> [Provided data]
╭──

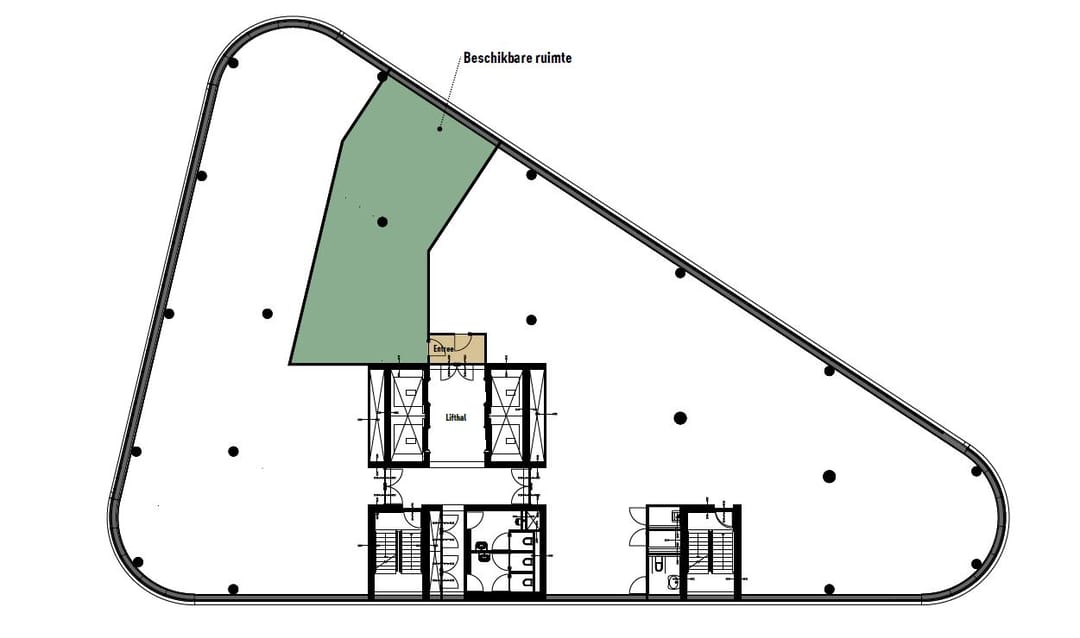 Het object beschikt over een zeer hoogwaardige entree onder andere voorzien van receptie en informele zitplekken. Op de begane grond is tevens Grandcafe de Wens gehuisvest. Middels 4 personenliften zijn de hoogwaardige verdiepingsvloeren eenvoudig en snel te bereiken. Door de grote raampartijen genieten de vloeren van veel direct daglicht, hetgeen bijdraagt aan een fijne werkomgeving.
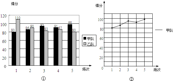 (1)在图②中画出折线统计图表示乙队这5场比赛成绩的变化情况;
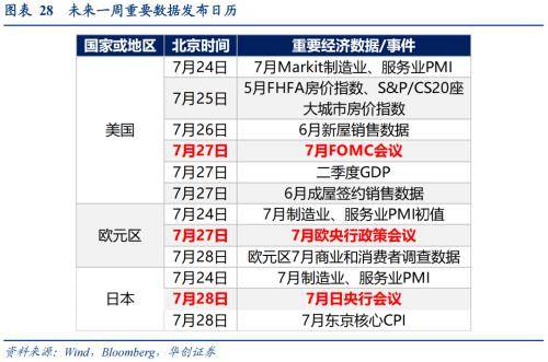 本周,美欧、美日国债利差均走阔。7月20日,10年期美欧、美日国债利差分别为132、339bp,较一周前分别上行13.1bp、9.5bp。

╰──

Except for the pictures, return every line of the material exactly.

 Het object beschikt over een zeer hoogwaardige entree onder andere voorzien van receptie en informele zitplekken. Op de begane grond is tevens Grandcafe de Wens gehuisvest. Middels 4 personenliften zijn de hoogwaardige verdiepingsvloeren eenvoudig en snel te bereiken. Door de grote raampartijen genieten de vloeren van veel direct daglicht, hetgeen bijdraagt aan een fijne werkomgeving.
 (1)在图②中画出折线统计图表示乙队这5场比赛成绩的变化情况;
 本周,美欧、美日国债利差均走阔。7月20日,10年期美欧、美日国债利差分别为132、339bp,较一周前分别上行13.1bp、9.5bp。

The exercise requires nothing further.